Execution aborted on 22 September 2020 at 22:06:41

Run did not complete successfully: output file appears to be corrupt An error occurred, and the run did not complete

The hash I'm using is: 028051e5859b112961346cfddf675cacdfd0664b Here are my parameter files: http://paste.yt-project.org/show/280/ & http://paste.yt-project.org/show/281/ (this time based on the enzo parameter files in tests/SKIRT/enzo_disk)
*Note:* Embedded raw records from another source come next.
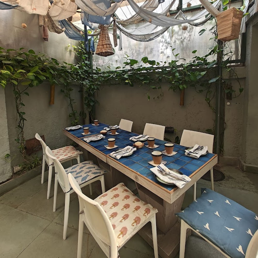 Sienna Store and Cafe is a charmingly unconventional café. It is located in a peaceful small alley in Hindustan Park. There are several surprises in this two-story building. This tiny store has expanded to become the incredibly stylish flagship location where a variety of exquisite items await discovery! The entire building has been built with elements of zero-waste policy. From the wall art that has been made from broken ceramic pieces to the lights above, everything has a story and has been made in-house. The khorkhori janlas set the perfect backdrop for the cane table and chairs in the dining room. As you walk into Sienna, all your senses just pause to take in how the local craftsmanship of Bengal can turn so aesthetic.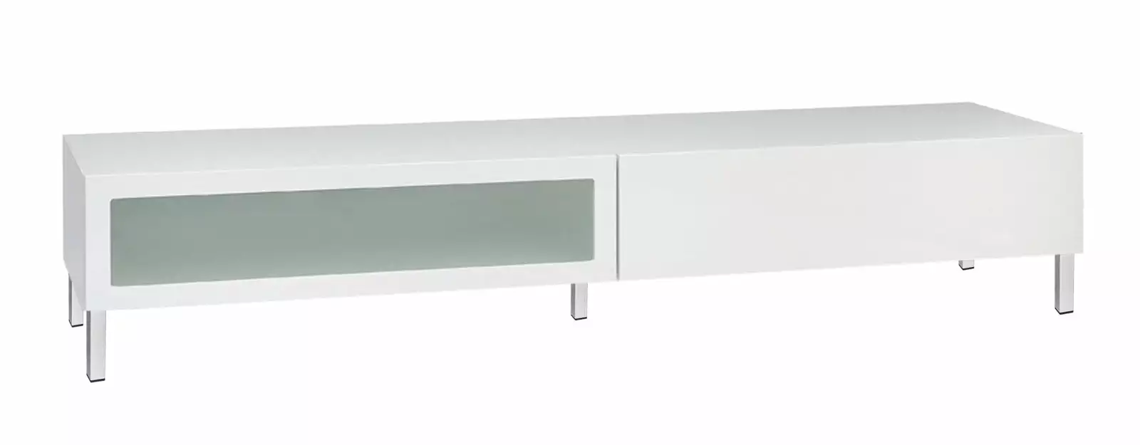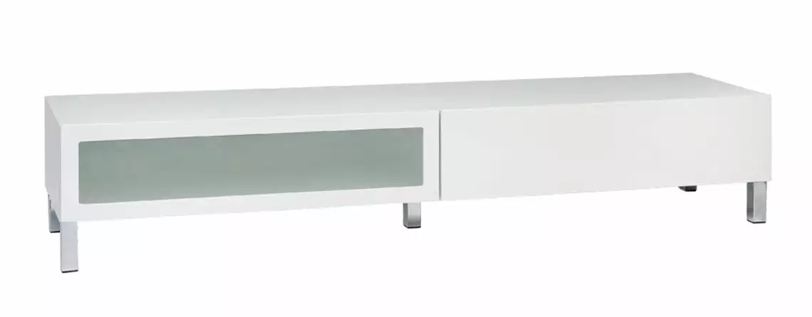 Lumo-sarjan ihastuttavassa leveässä tv-tasossa on oikeanlaiset säilytystilat medialaitteille, läpiviennit johdoille sekä tietenkin sopivasti tilaa tv:lle ja mahdollisille oheislaitteille. Vasemmanpuoleisessa laitetilassa on klaffiovi etsatulla lasilla ja toisella puolella on laatikko. Voit myös valita tv-tason joko 5,5 cm korkealla jalkasokkelilla tai 10 cm korkeilla jaloilla. Malliston eri osista yhdistelemällä saa koottua yksilöllisiä ja toimivia kokonaisuuksia.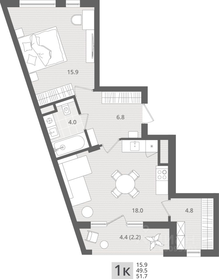 Продаётся 1-комнатная квартира в строящемся доме (Дом 1.1), срок сдачи: IV-кв. 2026, общей площадью 51.7 кв.м., на 6 этаже. Новый жилой комплекс "МОре" от Строительной компании "Меркурий" расположен по адресу: Калининградская область, г. Пионерский, пос. Рыбное.
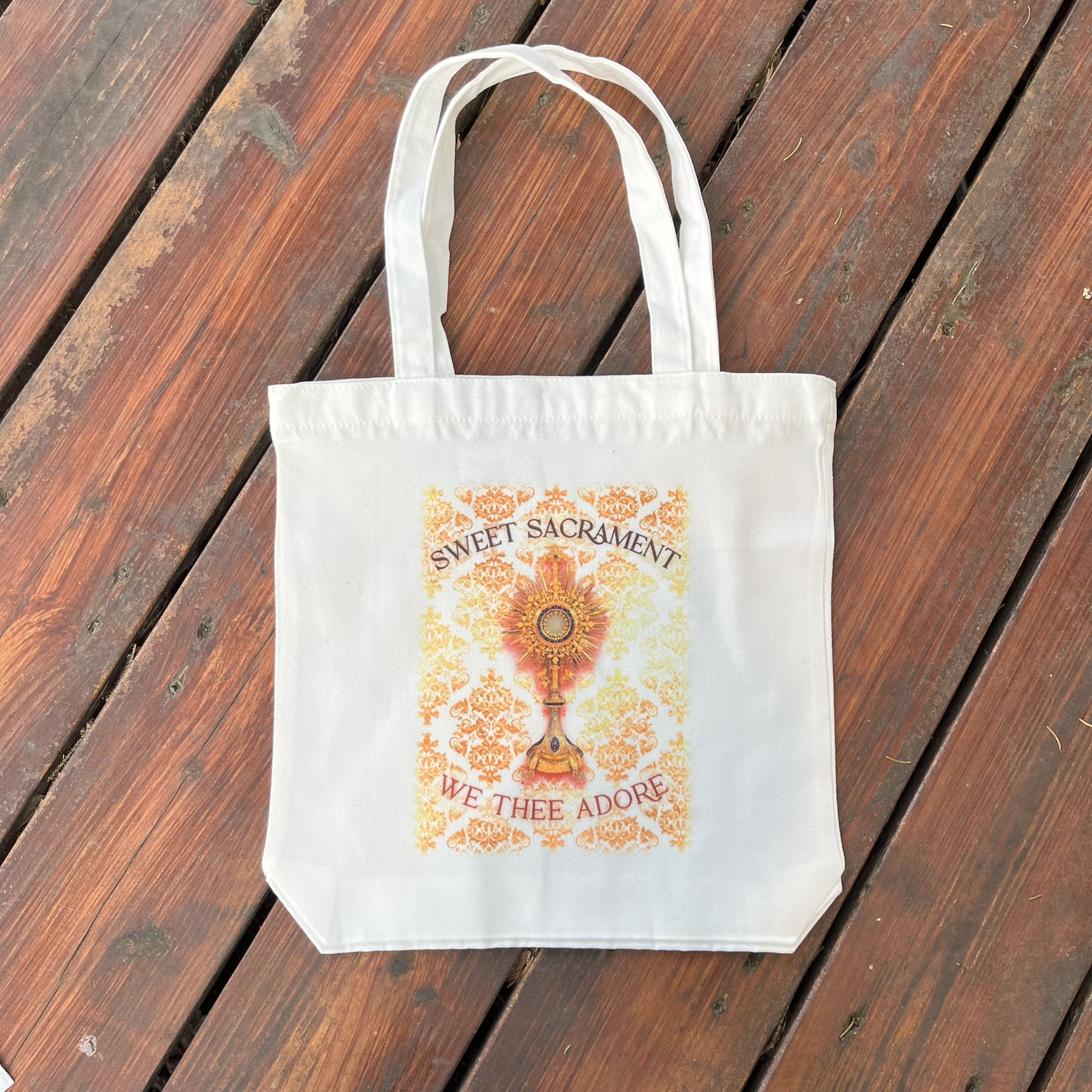 Eucharist Monstrance single-sided medium Catholic tote bag, Great for Mass, Bible Study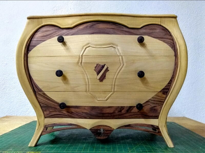 Mini Cômod Bombe de Marfim Com Marchetaria Jacarandá...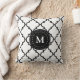White Black Quatrefoil Pattern Monogramed Pillow Kussen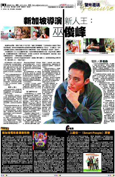 提起新加坡電影,想到了的是《小孩不笨》?還是《海南雞飯》?正放映得如火如荼的「香港亞洲電影節」,帶來的有被譽為新加坡電影新希望的陳子謙兩齣作品(《881》、《12蓮花》),也有出身富貴之家卻走上電影藝術路的邱金海(《魔法阿爸》)。或許,是時候記多一個名字:巫俊峰。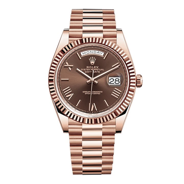 THE OYSTER PERPETUAL DAY-DATE 40 IN 18 CT EVEROSE GOLD WITH A CHOCOLATE DIAL, FLUTED BEZEL AND A PRESIDENT BRACELET.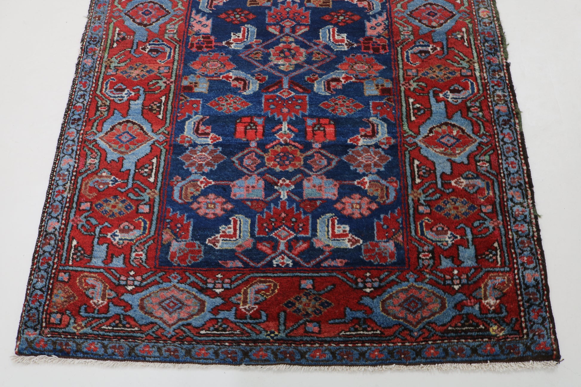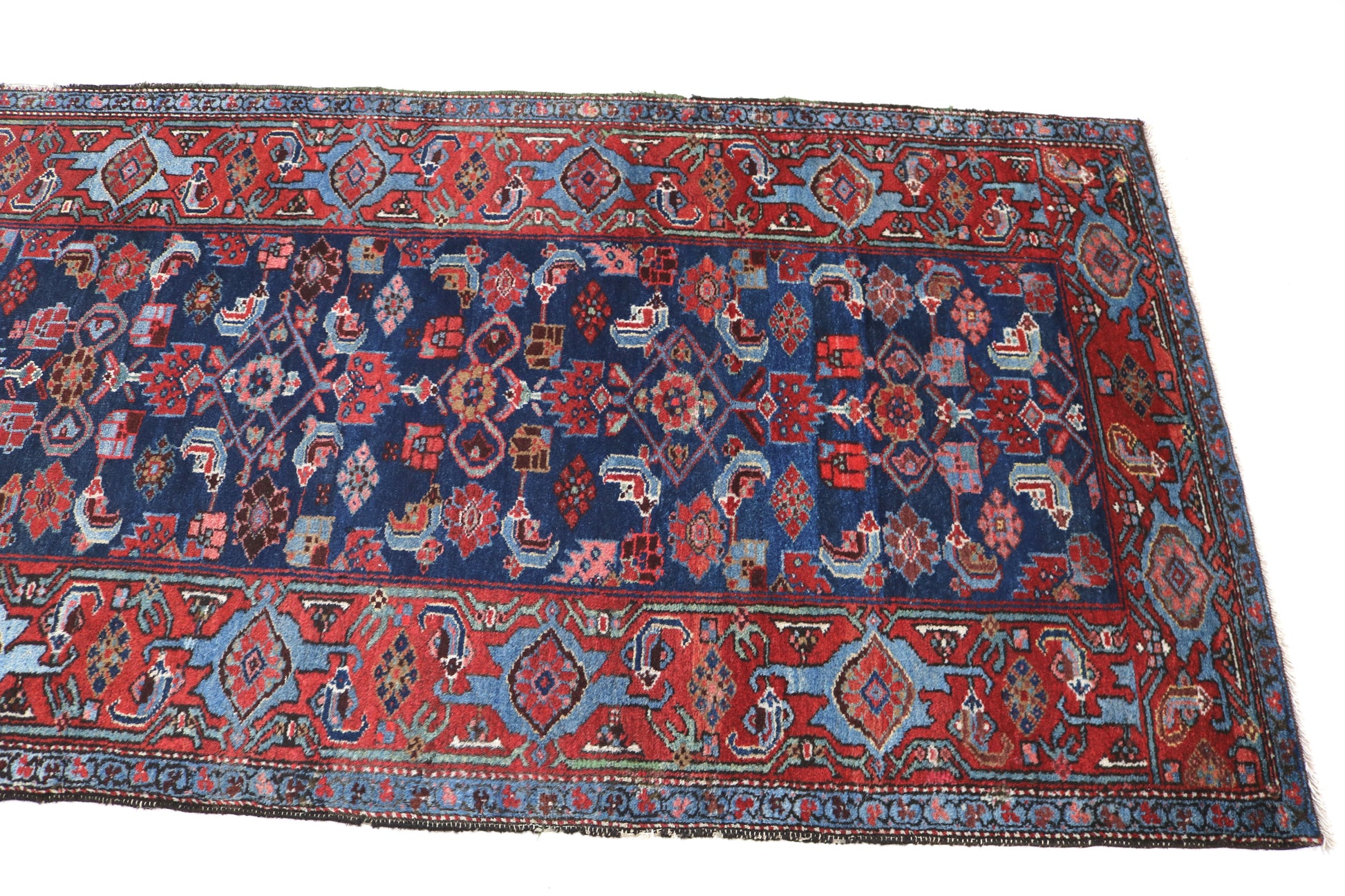 Classic for this type with very well drawn open herati design. Very good colour combination with soft shaded blue field. Elegant border design of stylised ice-blue turtle-palmettes with soft rust background. In general, this carpet has good pile, soft wool quality. Great furnishing piece. Attractive.

dnarayanan commented 3 years ago

Thanks for sending this - I've never quite seen it before. I was wondering if you could please paste two outputs:

[1] the entire output (i.e. not just the last bit) [2] would it be possible at all to share the actual HDF5 simulation somewhere? one possibility is to upload it via:

yt upload filename

if you don't want to share publicly, you could email me a link at desika.narayanan at gmail . One thing I'm wondering is if there's some issue with the box size and the center of the simulation.

jwise77 commented 3 years ago

@snigdaa was seeing the same error message in a cosmological simulation, but only for a particular halo and not the rest. My best guess is that there's a round-off issue with the grid boundaries, but I don't know where that'd happen.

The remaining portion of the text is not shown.